Background
Nigerian Enamelware Plc is engaged in the manufacturing and marketing of enamelware, plastic products, and galvanized buckets.
Raw materials consisting of steel coils, chemicals, enamel and moulds are obtained from both local and overseas suppliers.
The holding company is Feng Limited incorporated in the Hong Kong and holds 60 percent of the company’s equity.
The company has 63.36 million shares outstanding, with shareholder funds standing at N1.23 billion as at the end of January 31 2014.
Financial Performance For The Period Ended January 2014.
Enamelware Nigeria Plc for the nine months period ended 31st January 2014 grew revenue by 2.91 percent to N1.89 billion compared to N1.83 billion recorded in the corresponding period of 2013.
In the nine months period to January 31, 2014, the company recorded an increase in gross profit by 3.7 percent to N282.44 million from N272.32 percent recorded Jan 2013, while gross margins remained flat at 14.9 percent.
The constrain in bottom line growth could have arisen from raw material price pressures and high import duty on steel coils, chemicals, enamel and moulds which is reflecting on its cost of production as cost to sales margin remained high and flattish at 85.1 percent.
The administrative expenses in the review period reduced by 0.64 percent which is marginal to N115.11 Million as against N112.22 million recoded erstwhile period of 2013; however, expenses margin reduced to 5.89 percent in nine month period to January 31 2014 from 6 percent in the previous period.
Operating profit for the nine months period through January 2014 increased by 6.80 percent in the current period to N171 million from N160.10 million recorded in the erstwhile period of 2013.
Although 47.8 percent of operating profits were used to pay interest on loans in the period under review, profit before tax (PBT) jumped by 15 percent to N89.14 million from N77.50 million recorded corresponding period of 2013.

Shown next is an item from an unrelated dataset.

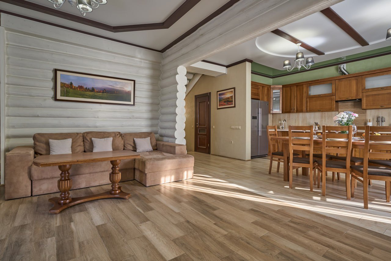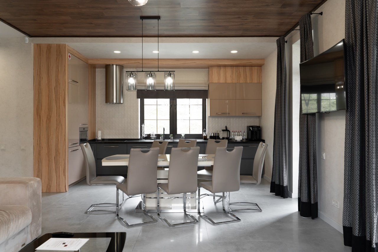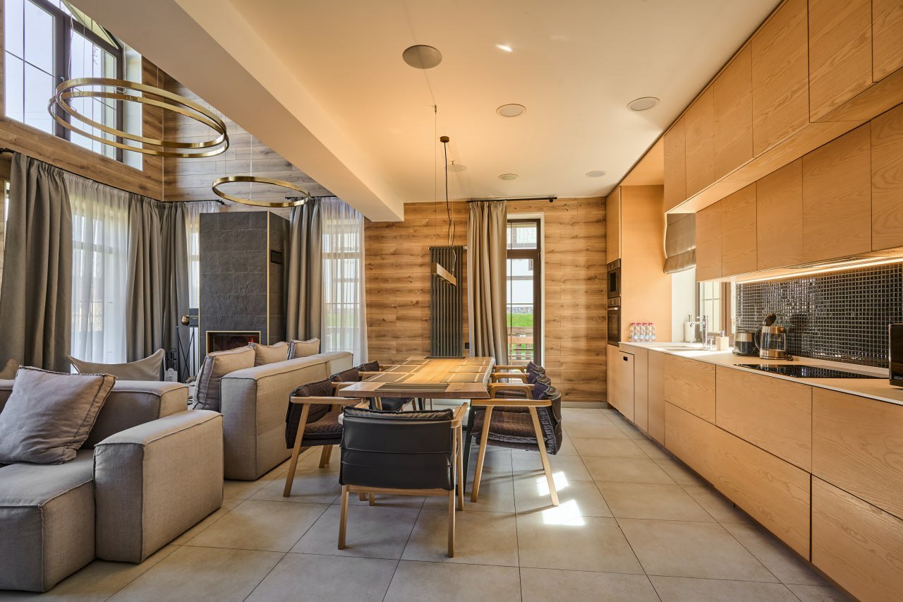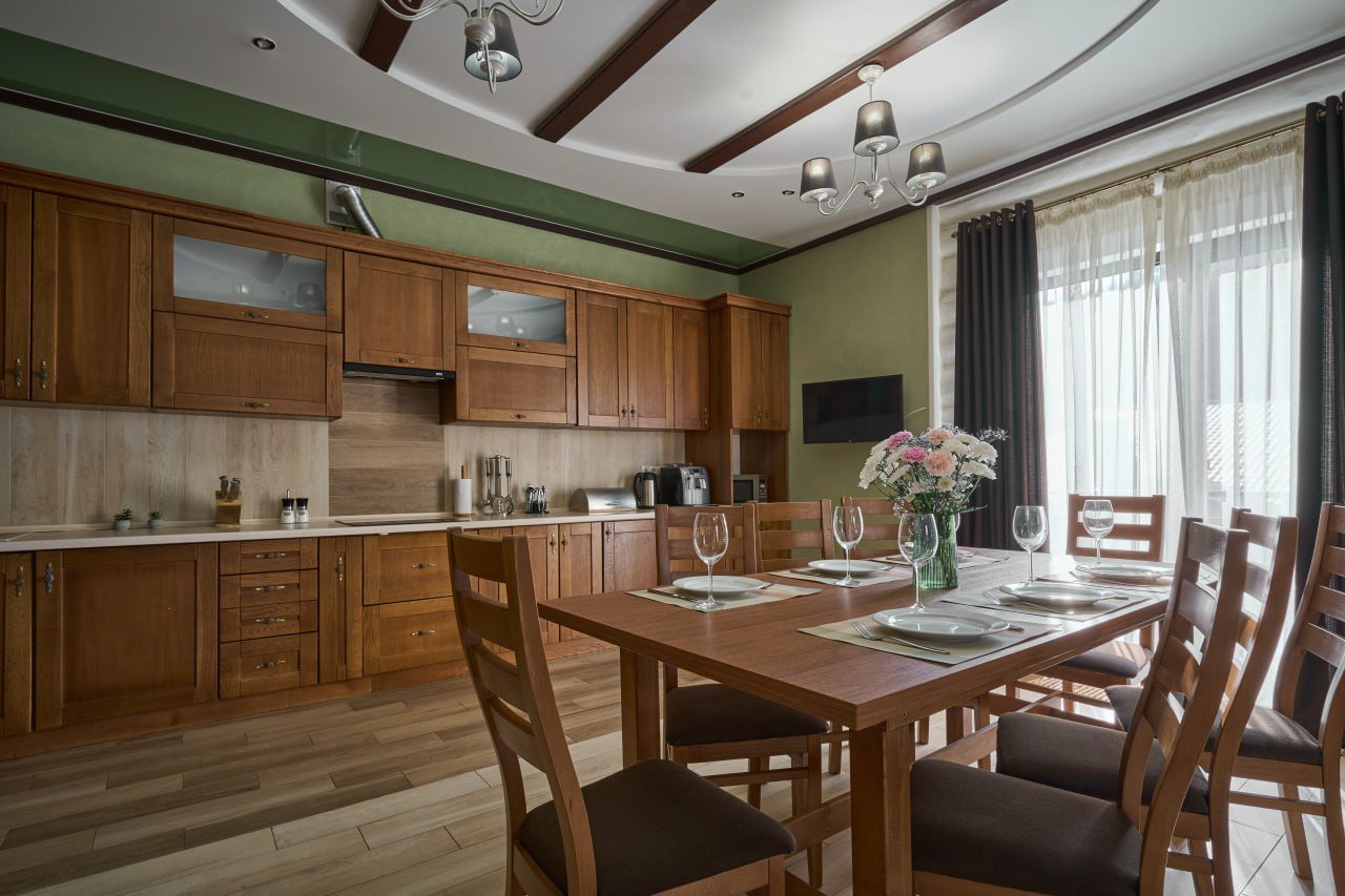 На першому поверсі розташована простора кухня, обладнана всією необхідною побутовою технікою та посудом. Зона відпочинку на цьому поверсі включає диван, телевізор та камін.

Earnings per share (EPS) for the nine month period through January 2014 grew by 6 percent to 88k from 83k in the erstwhile period of 2013.
The company should try as much as possible to reduce cost with effective control mechanism as net profit margin climbed to 9.03 percent in the review period as against 8.7 percent nine through January 2014.
Enamelware’s shareholders return on asset (ROA) in the nine months period through January 2013 dropped to 2.37 percent from 2.40 percent, while return on equity (ROE) which shows how well the company has used the resources of the owners rose to 4.50 percent Q3:14 from 4.40 percent in the corresponding period.
The company’s current ratio which measures its ability to meet short term obligations as at when due were down to 1.52x from 1.54x recorded in the corresponding period of 2014, while sales turnover slid to1.52x Q3’14 from 1.54x same period.
Enamelware through expansion and acquisition of assets increased total assets by 6.6 percent to N2.35 billion in the period under review from N2.20 billion in the corresponding period of 2013.
Share Performance and Outlook
Enamelware’s share price on the 11st of March 2014 closed at N32 on the floor of the Nigeria Stock Exchange (NSE).
The company’s capitalization on the same day stood at N2.04 billion.
The future is bright for the company as the country’s Gross Domestic Product (GDP) increased to 7.7 percent in Q4’2014 from 6.8 percent in Q3 2013 according to a report released by the Nigeria Bureau of Statistics (NBS). Positive longer term growth prospects, for Nigeria leaves enamelware well positioned to tap into that growth.